Bug 1768712

If I understand it right, this behavior is consistent with what was in RHEL7 -- if you configure SSHD to listen on non-default address, you need to modify also the service file (by providing a drop-in configuration) to reflect this.

We certainly do not want to have this by default, since it would needlessly delay the sshd startup (and slow down boot time) on all the other systems, which use defaults.

The correct solution is to add the network-online.target to your service file as described in bug#1352214#c11. This particular solution is described in the RHEL7 docs:

https://access.redhat.com/documentation/en-us/red_hat_enterprise_linux/7/html/system_administrators_guide/s1-ssh-configuration

I tried to find the same reference in the RHEL8 docs, but I did not find it so I think this needs to be added, as this still applies. Mirek?

(In reply to Jakub Jelen from comment #1)
> The correct solution is to add the network-online.target to your service
> file as described in bug#1352214#c11. This particular solution is described
> in the RHEL7 docs:
> 
> https://access.redhat.com/documentation/en-us/red_hat_enterprise_linux/7/
> html/system_administrators_guide/s1-ssh-configuration
> 
> I tried to find the same reference in the RHEL8 docs, but I did not find it
> so I think this needs to be added, as this still applies.

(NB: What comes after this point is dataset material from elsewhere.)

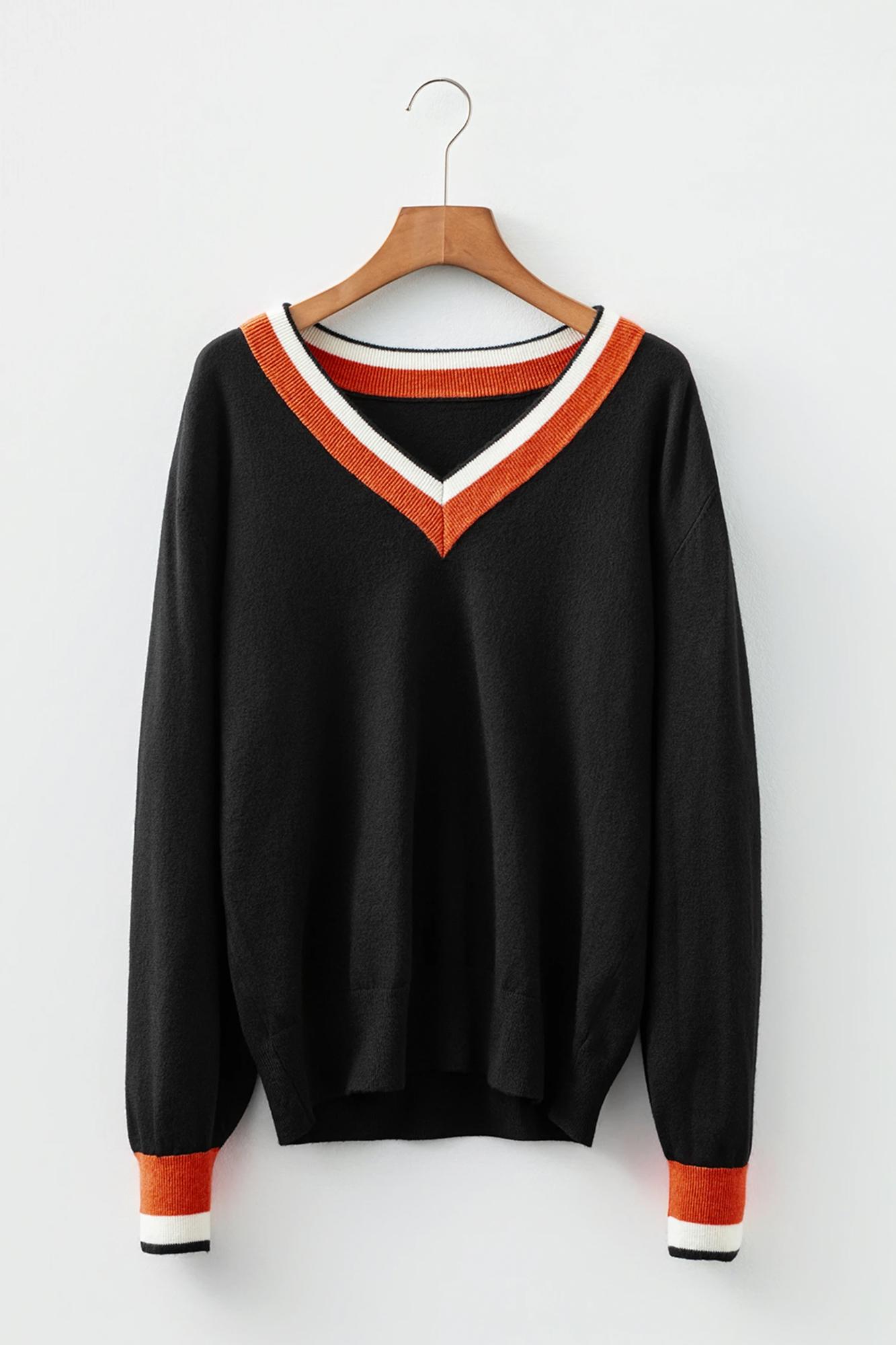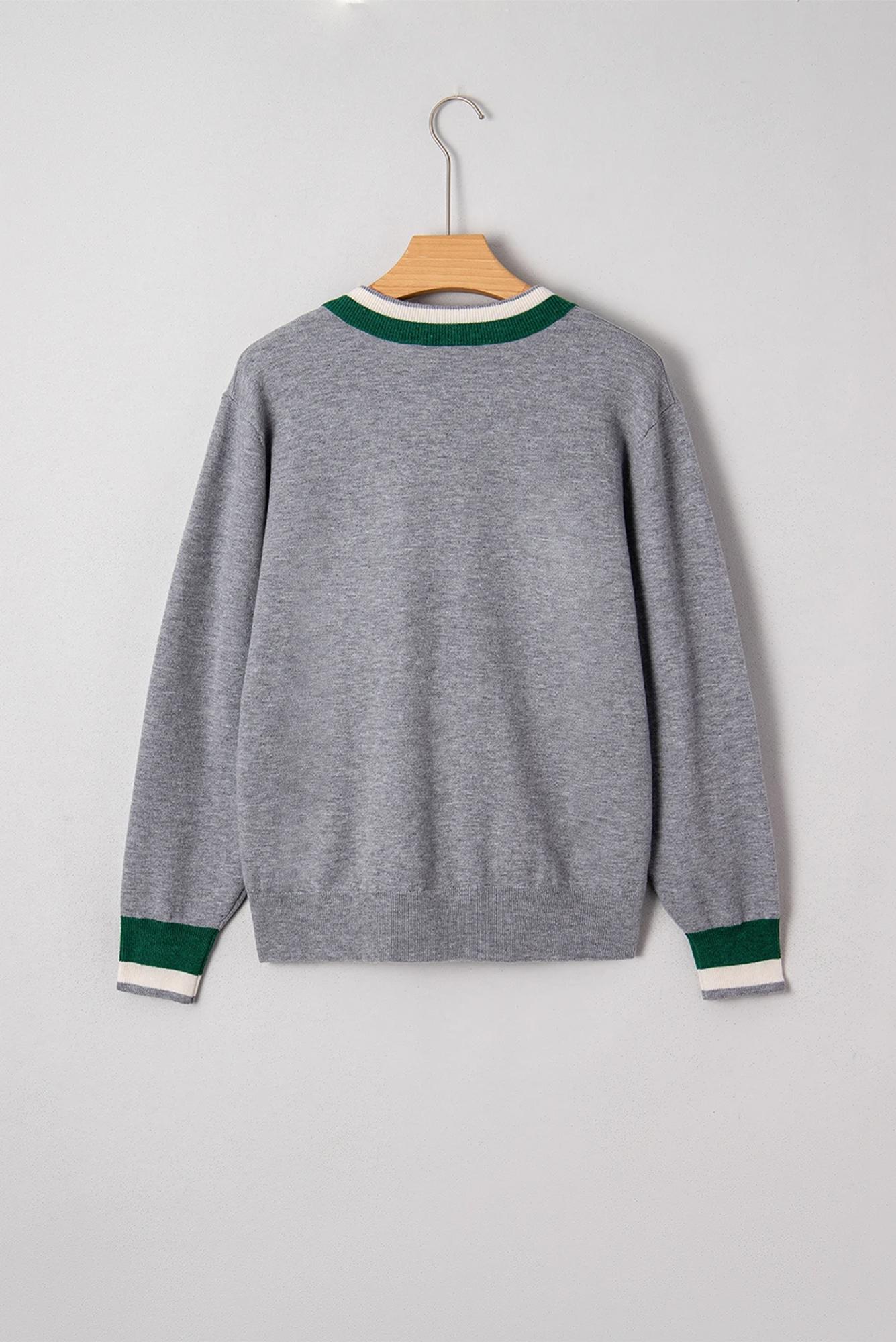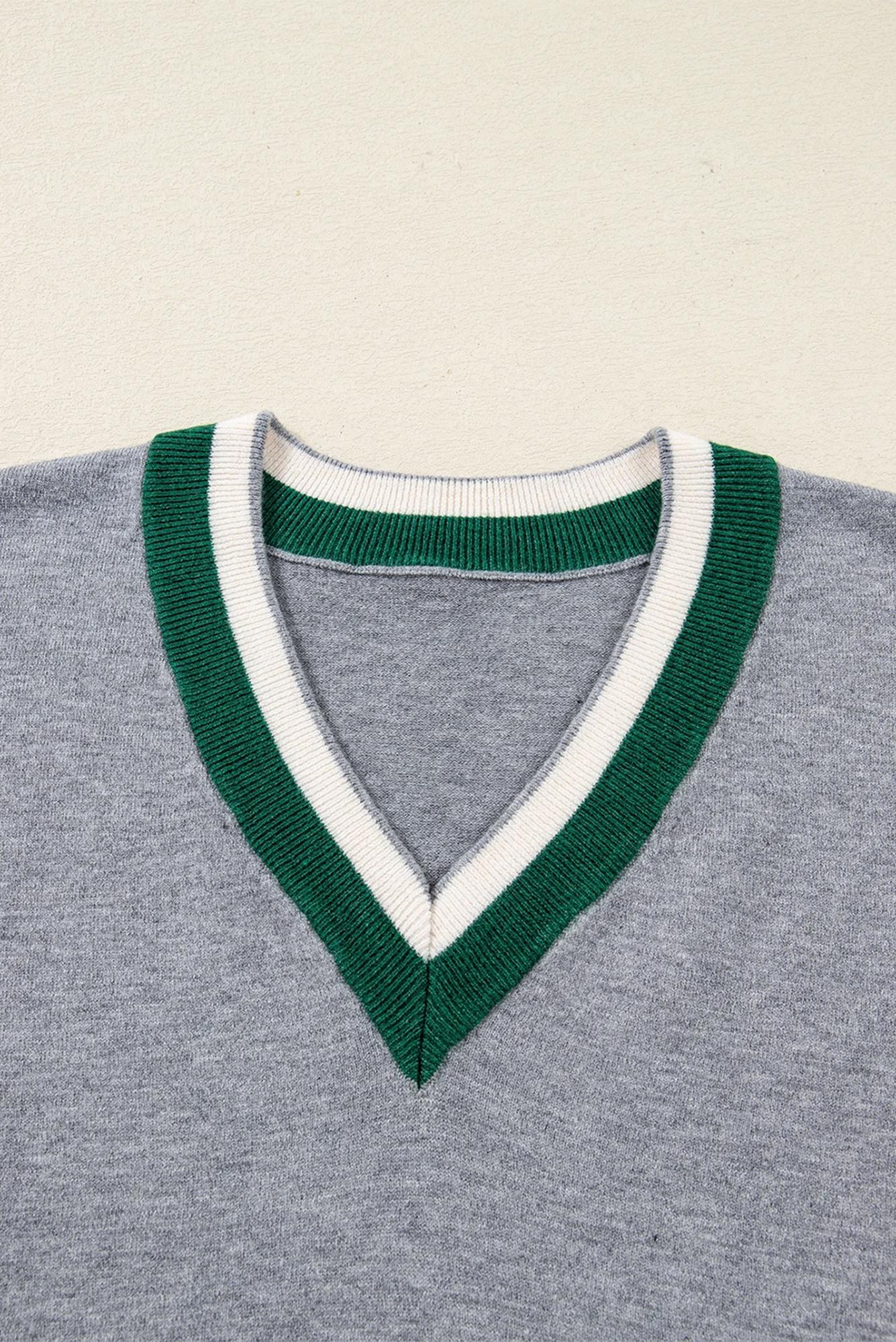 MY DREAM LIFE | Contrast Striped Trim V Neck Varsity Light Sweater | S-XL

Mirek?

This should be the section you are looking for:
https://access.redhat.com/documentation/en-us/red_hat_enterprise_linux/8/html/securing_networks/assembly_using-secure-communications-with-openssh-securing-networks#Starting-OpenSSH-server_configuring-and-managing-security

Thank you for the pointer. Then it is non-bug, but documented behavior of the customer configuration.